» GIVEN DATA
------------------------------------------------------------------------

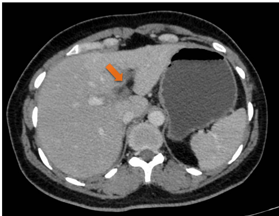
FIGURE 2: Abdominal CT scan showing a filling defect, indicating blockage of the left branch of the portal vein.

Blood test reports showed leukocytosis, increased fasting blood sugar up to 145mg/dl, gamma-glutamyl transferase levels were 90 U/L, alkaline phosphatase levels were 133 IU/L, and decreased albumin to globulin ratio of 1.05. D-dimer value was increased up to 2309 ng/L. Anticoagulant tests namely, Protein C, Protein S, Cardiolipin IgG, IgM, and IgA antibodies, and Factor V Leiden mutation, showed no deviation from the
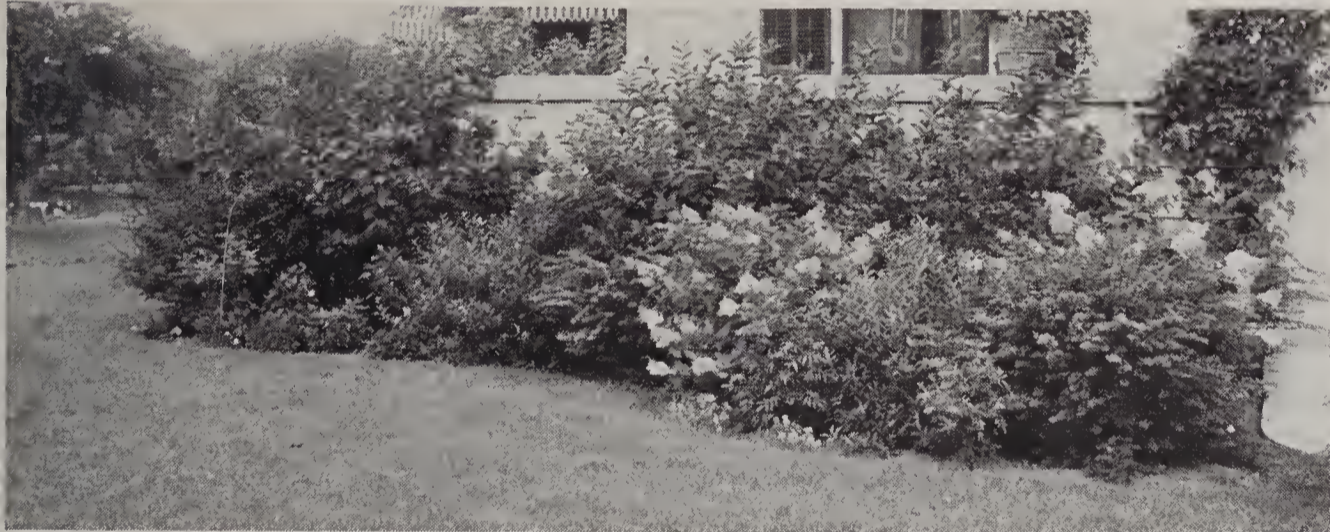
Beautify your home with plants especially selected for the Northwest
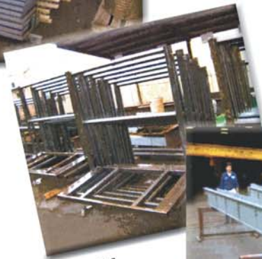
CUSTOM RACKS (BORGATA CASINO)

------------------------------------------------------------------------

Each line from the one with "Beautify your home" to the last line of the listing should be returned exactly, both ends included, and no picture with them.

» EXERCISE RESULT
Beautify your home with plants especially selected for the Northwest
CUSTOM RACKS (BORGATA CASINO)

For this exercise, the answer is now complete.